Eurikumanon merupakan kuasinoid pentasiklik yang dapat dikembangkan strukturnya untuk mendapatkan turunannya yang diharapkan memiliki aktivitas antimalaria yang lebih potensial dari senyawa asalnya. Karakteristik dari eurikumanon adalah terdapatnya gugus keton α – β tidak jenuh dan adanya lima gugus OH alisiklik pada cincin A, C dan D yang bersifat sangat reaktif karena dapat mengadakan interaksi dengan farmakofor yang digunakan selama sintesis. Jika esterifikasi eurikumanon diinginkan hanya pada salah satu atom H dari gugus OH, maka gugus OH lainnya harus dilindungi sementara dengan mentransformasikannya menjadi gugus fungsi baru sehingga tidak mengganggu transformasi yang diinginkan (Chan et al., 2005; Sastrohamidjojo dan Pranowo, 2009; Sarker dan Nahar, 2007).
Transformasi ke gugus fungsi baru yang bersifat sementara ini dikenal dengan gugus pelindung dan gugus pelindung ini dapat dihidrolisis menjadi gugus fungsi semula pada akhir sintesis. Syarat-syarat menggunakan gugus pelindung adalah harus bersifat inert, tahan terhadap semua pereaksi yang digunakan selama proses sintesis dan harus mudah dilepas dengan pereaksi khusus untuk mengembalikan gugus fungsi awalnya (Sastrohamidjojo dan Pranowo, 2009).
Pada penelitian ini, atom H dari gugus OH pada eurikumanon diesterifikasi dengan senyawa asil klorida dan anhidrida asam karboksilat yaitu metilbutirat, hidroksimetil butirat, kloroformat, etilkloroformat, benzoilklorida, klorobenzoilklorida, asetilklorida, klorasetil klorida, fluoroasetil klorida dan trifluoroasetil klorida tanpa menggunakan gugus pelindung. Senyawa turunan eurikumanon hasil reaksi esterifikasi ini, dilakukan tanpa memperhatikan pada posisi atom C yang mana esterifikasi tersebut terjadi.
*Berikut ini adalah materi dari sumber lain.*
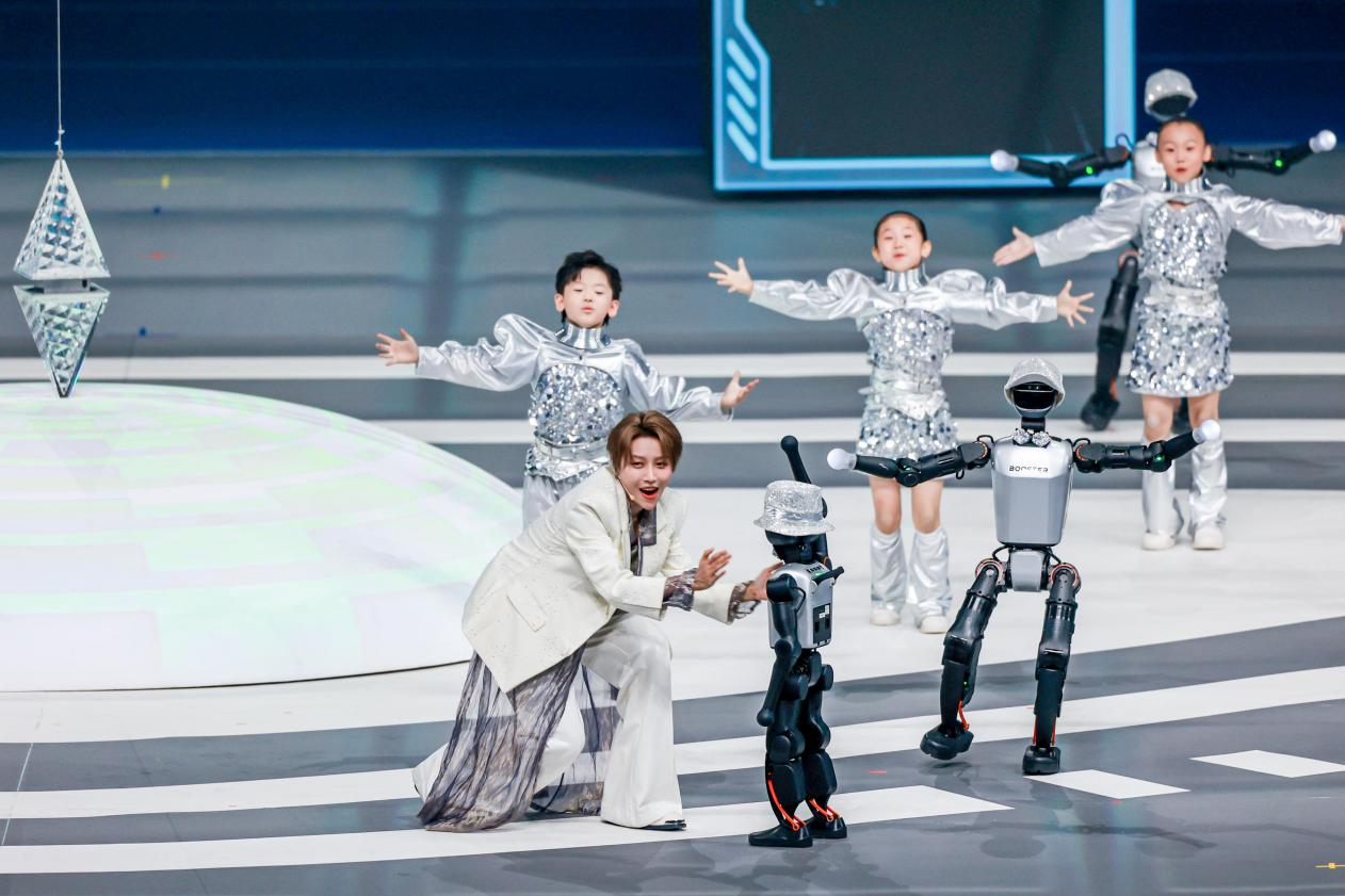 歌舞节目《欢迎来到碳基生命的世界》中,人类舞者与机器人以流畅协作演绎“碳基与硅基的对话”;传统文化创演《智韵和鸣》更成为亮点——磐石机器人乐队与灵心巧手机器人奏响国风旋律,乐聚机器人表演太极,优必选熊猫机器人与武术少年共展拳脚,“穆桂英”造型的戏曲机器人与小演员同台唱响《穆桂英挂帅》,尽显千年文脉与现代科技的“琴瑟和鸣”。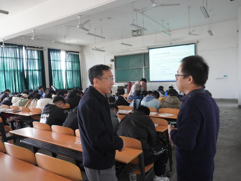 校領導走進教室,通過聽課看課和實地巡查,對教師授課、學生聽課、課堂教學秩序、教學設施設備運行等情況進行了全面細致的檢查。課間,校領導分別與任課教師就教學方式與方法、課堂組織與管理進行了親切交流,對老師們精神飽滿、干勁十足的教學狀態(tài)給予充分肯定,對同學們良好的學習狀態(tài)倍感欣慰;同時對課堂互動、思政元素融入等問題提出了建議和意見,對改進課堂教學方法、提高教學質(zhì)量提出了希望和要求。從檢查情況來看,新學期各院(系)和相關部門教學工作準備充分,廣大師生精神狀態(tài)飽滿,教學環(huán)境干凈整潔,教學設備運行良好,教學防疫措施到位,教學運行井然有序,新學期呈現(xiàn)出新氣象、新面貌。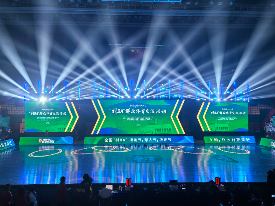 比赛间隙举办了“乡韵欢腾·全国和美乡村文艺展演”。一系列植根乡土、传递乡情的精彩节目轮番上演,空竹表演《秦风竹韵》灵动飘逸,民俗演出《桐子花开春风俏》韵味悠长,陕西非遗表演《安塞腰鼓》擂响了黄土地上的豪迈气魄,农民兄弟乐队激情唱响“村字号”赛事主题曲《乡村力量》,花式扣篮与全民欢歌等互动环节燃动全场,将现场气氛一次次推向高潮。赛场外,全国和美乡村篮球大赛(村BA)文化风采展,通过208张照片和65件实物,生动展示了“村BA”的发展历程与取得的丰硕成果。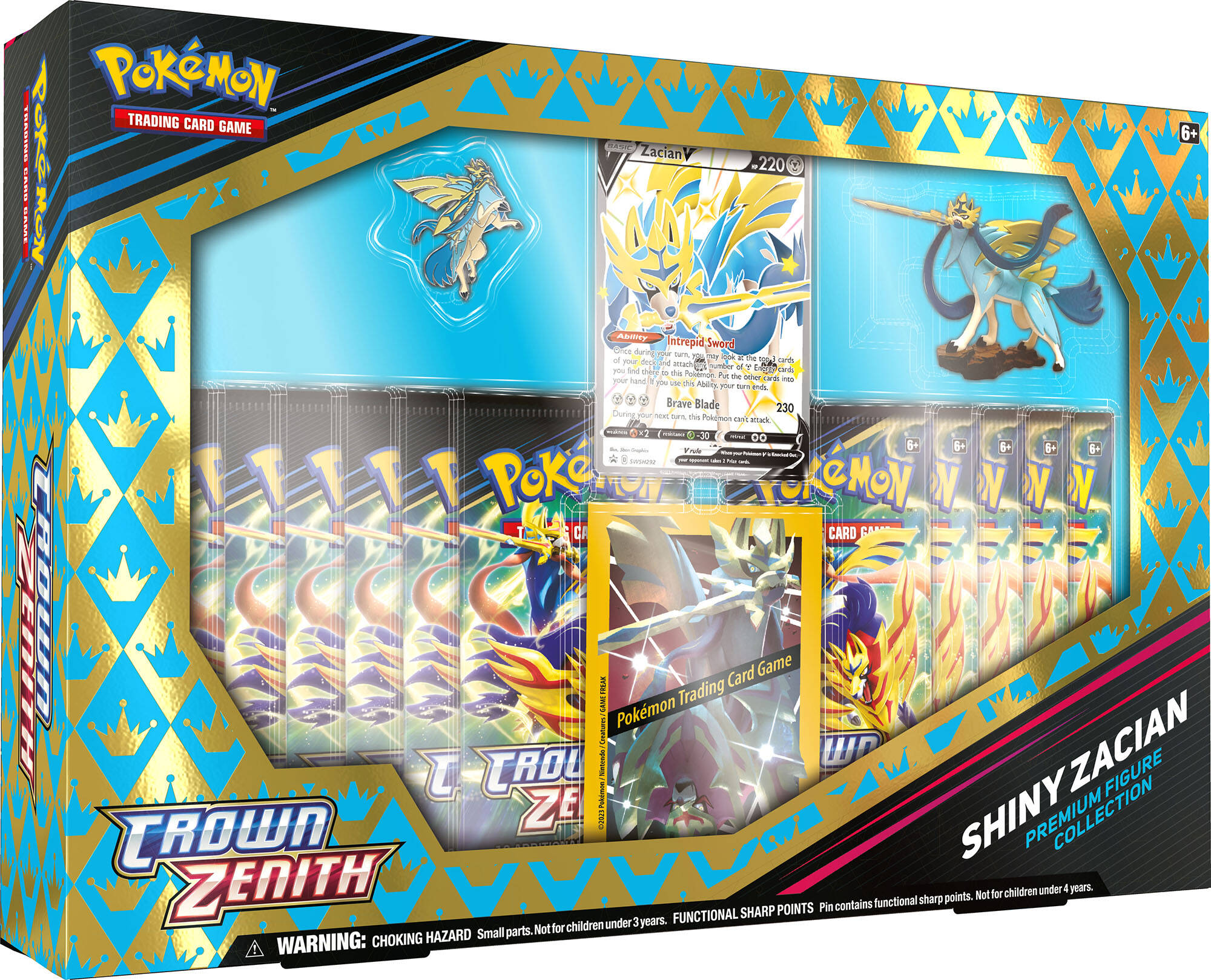 包括11个Crown ZenithBooster Pack;一张印有闪光苍响V或闪光藏玛然特V的PROMO卡;一个对应的模型和一个胸针;和一套卡套。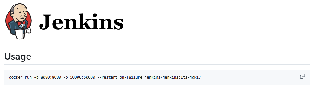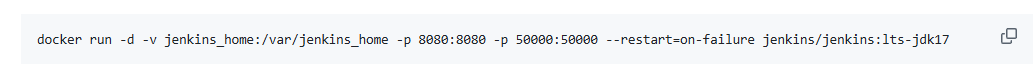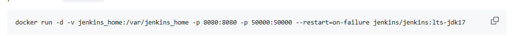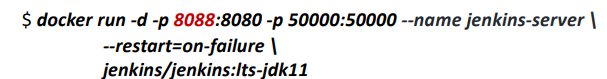 데몬으로 실행할거다, 컨테이너 이름은 jenkins-server, 이미지는 디폴트 레파지토리에, jenkins프로젝트에 jenkins, 테그는 lts-jdk11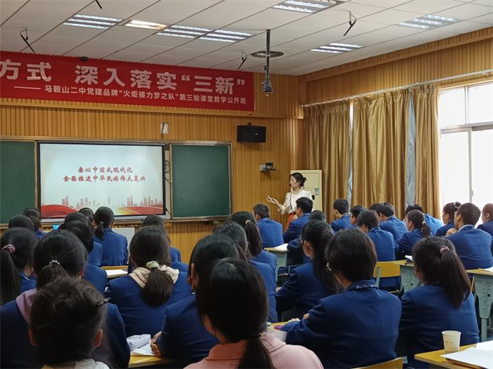 優化教學方式,深入落實“三新”。10月26日下午,在“火炬接力夢之隊”第三輪火炬傳遞人課堂教學公開(kāi)周活動中,我校政治組張立華、陶源兩位教師分別開設了《堅持(chí)“兩個毫(háo)不動搖”》和《思維的含義與特(tè)征》兩節教學(xué)示範課。馬鞍(ān)山二中校長王玉平、副校長慶曉以及全市各高(gāo)中政治教師參與聽(tīng)課指導。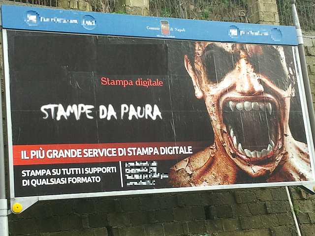 “Chiediamo al Comune di Napoli – dichiarano il commissario regionale dei Verdi Francesco Emilio Borrelli ed il segretario regionale del sindacato UilTucs Rino Strazzullo – di rimuovere urgentemente una orribile pubblicità affissa su tabelloni dell’amministrazione che terrorrizza i bambini e le persone particolarmente sensibili in cui appare una figura mostruosa per pubblicizzare una società di stampe digitali. Tra l’altro molti di questi orrendi manifesti sono stati posizionati proprio all’ uscita di istituti elementari. Tanti genitori ci hanno contattato perchè i propri bambini sono terrorizzati quando vanno a scuola, addittura alcuni piangono e ne chiedono l’ immediata rimozione. Chi ha autorizzato una simile pubblicità ha commesso un grosso errore a cui deve porre urgentemente rimedio. Non vogliamo la censura ma certe immagini così orrende non possono essere affisse per le strade cittadine”.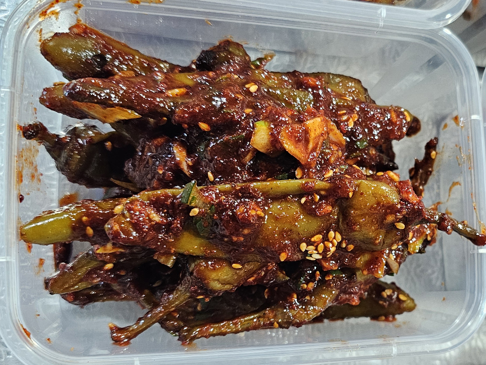 바노들 농장에서 키운 고추를 잘 삭혀서 입맛 돋는 집고추장으로 무쳤어요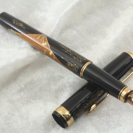 Sailor 1911 Maki-e blomster-feinpen, fremstillet i Japan, krop af sort lakeret resin, 14K guld nib og autentisk Maki-e dekoration i guld, rødt og kobberfarver, længde 140 mm og diameter 13,2 mm, i god brugt stand og i funktionsdygtig. Klik på den blå "gå til varen" knap, for at købe eller byde på denne vare. Den samlede pris vil blive vist inden du afgiver dit bud.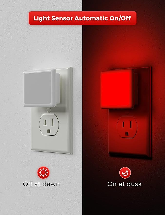 - High performance--It will light up instantly with red light when you plug in this led night light. No buzzing and flicker but the plug in night light will give off comfortable light without harsh glares, bring a cozy environment for your space. No warm-up time required.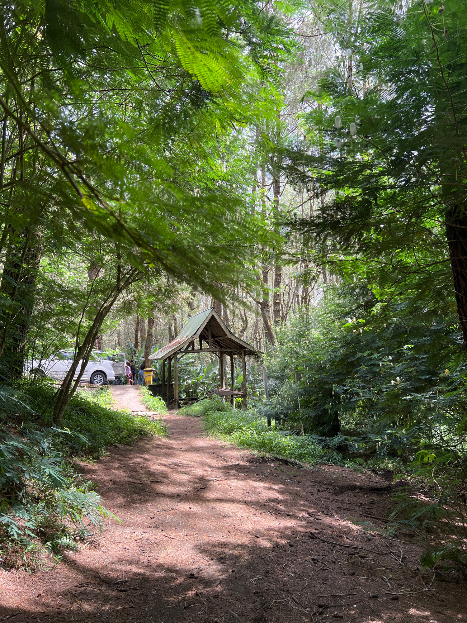 The image captures a forest path in Kintamani, Indonesia, leading to a small wooden pavilion. The path is covered with a layer of fallen pine needles and appears to be frequently traversed. Lush green…read more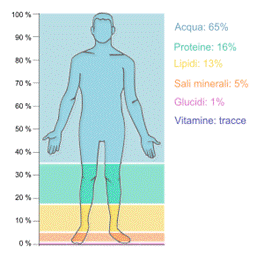 Per comprendere a pieno il ruolo fondamentale che ha l'acqua nel nostro organismo basta fare un semplice esempio. Se scomponiamo il corpo di un uomo di settanta chili nelle sue varie parti riducendolo in molecole ecco a cosa ci troviamo davanti: a quarantacinque chili di ossigeno e sette di idrogeno sotto forma di acqua, dodici chili di carbonio, due chili di azoto, uno di calcio e poi fosforo, potassio, zolfo, cloro, rame ecc. a livello di poche decine di grammo e a volte anche meno. L'acqua è la sostanza di gran lunga più presente nel nostro organismo; per una persona che pesa settanta chili almeno cinquantadue sono acqua.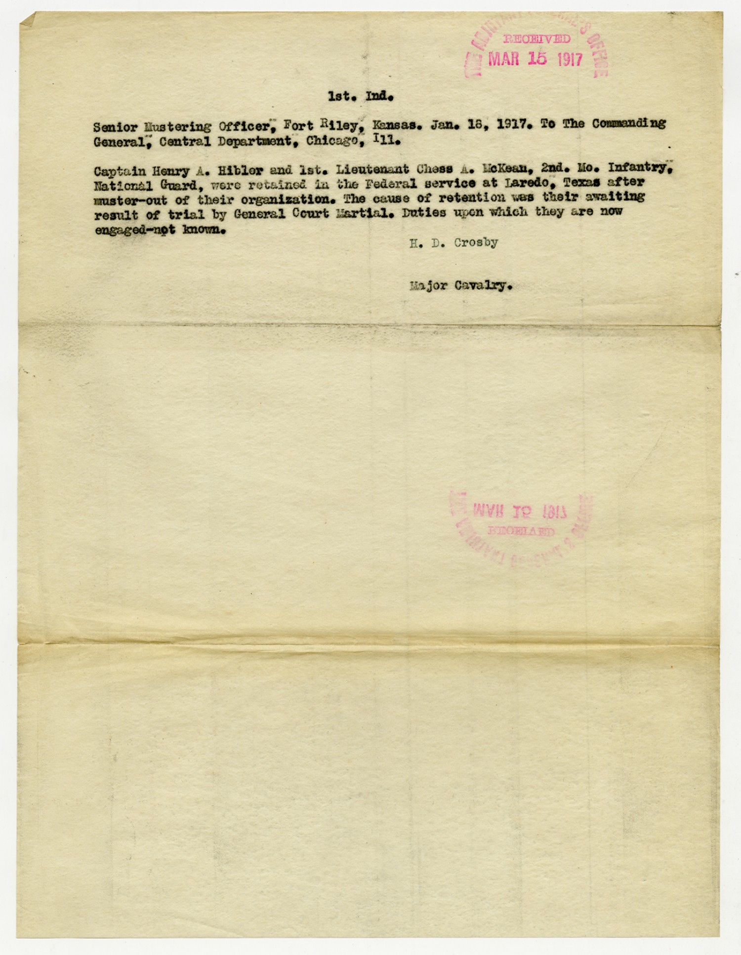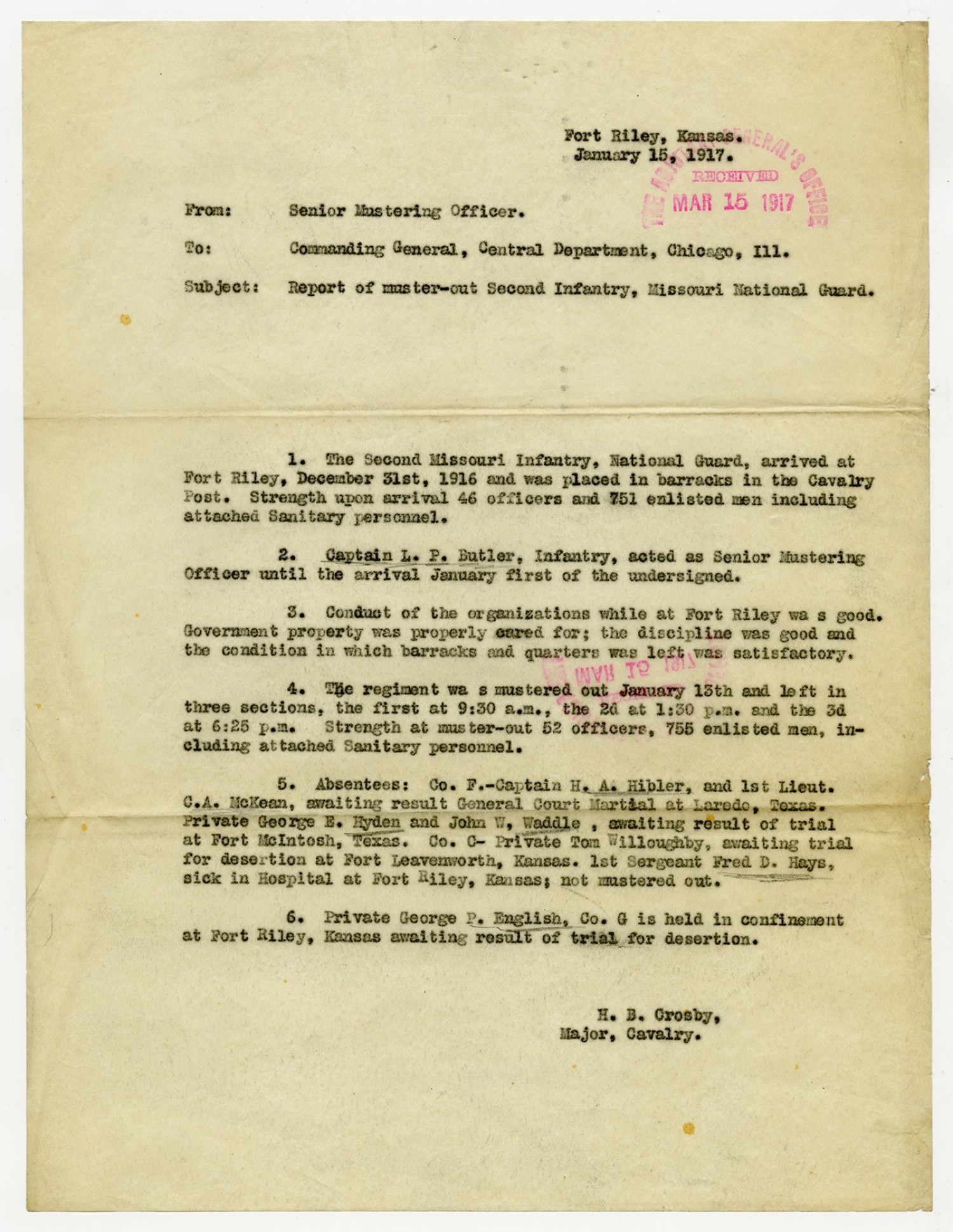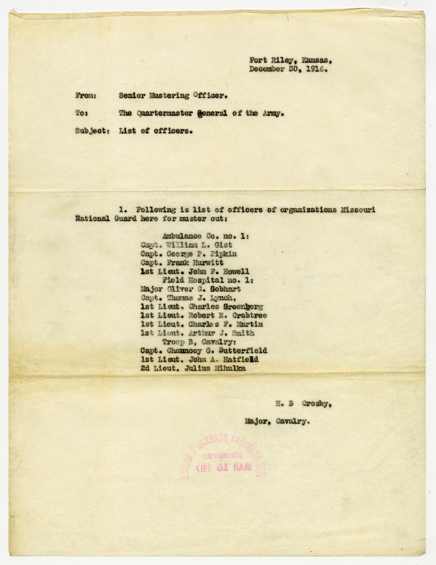 H.B. Crosby letter to the Commanding General - January 15, 1917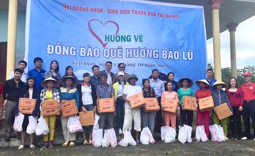 HOANHAP.VN - Ngày 17/10, Hội Doanh nhân Thanh Hóa tại Hà Nội phối hợp cùng Hội Chữ thập đỏ tỉnh Thanh Hóa đã trao 1.200 suất quà (trị giá 500.000 đồng/suất) gồm các nhu yếu phẩm cần thiết như gạo, mì tôm, dầu ăn… cho các gia đình bị thiệt hại nặng nề do mưa lũ và tặng áo đồng phục cho học sinh tại 3 huyện Yên Định, Thọ Xuân, Vĩnh Lộc (tỉnh Thanh Hóa).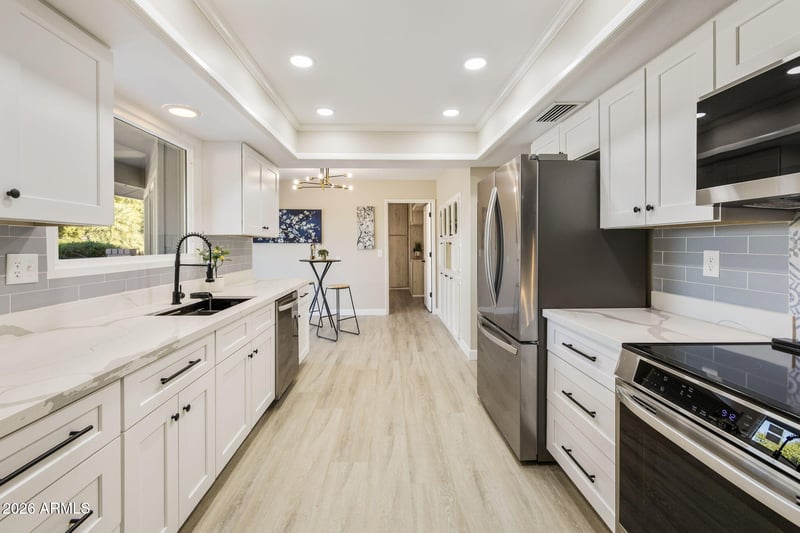 The gorgeous kitchen features all-new white shaker cabinetry (soft-close), Quartz countertops, and a full-height pretty backsplash. NEW induction/convection range/oven and a professional ''workstation sink'' with a view of the back yard. Enjoy two separate living spaces, formal dining if you choose and a breakfast nook overlooking the private walled patio—a sanctuary for hummingbirds.

Hasil semisintesis diharapkan akan terbentuk senyawa eurikumanon metil butirat, eurikumanon hidroksimetil butirat, eurikumanon karbonat, eurikumanon etil karbonat, eurikumanon benzoat, eurikumanon klorbenzoat, eurikumanon asetat, eurikumanon klorasetat, eurikumanon fluoroaasetat dan eurikumanon trifluoro asetat.
Turunan eurikumanon hasil semisintesis diperkirakan dapat meningkatkan sifat lipofiliknya sehingga hasil semisintesis menjadi tidak bermuatan, cepat menembus membran biologis dan segera berinteraksi dengan reseptor obat untuk menghasilkan aktivitas biologi. Penentuan telah terbentuknya produk hasil semisintesis dapat dipantau secara KLT yang ditandai dengan adanya perubahan nilai retensi faktor (Rf) atau melalui perubahan titik lebur. Kemurnian produk hasil semisintesis dapat ditentukan secara KLT ditandai dengan terbentuknya noda tunggal dari tiga sistem fase gerak pada lempeng KLT atau melalui titik lebur yang ditandai dengan adanya rentang titik lebur yang rendah. Hal ini menyatakan bahwa produk hasil semisintesis telah murni secara KLT dan titik lebur. Selanjutnya struktur kimianya diidentifikasi secara analisis spektroskopi (Pavia et al., 2009; Mistry, 2009).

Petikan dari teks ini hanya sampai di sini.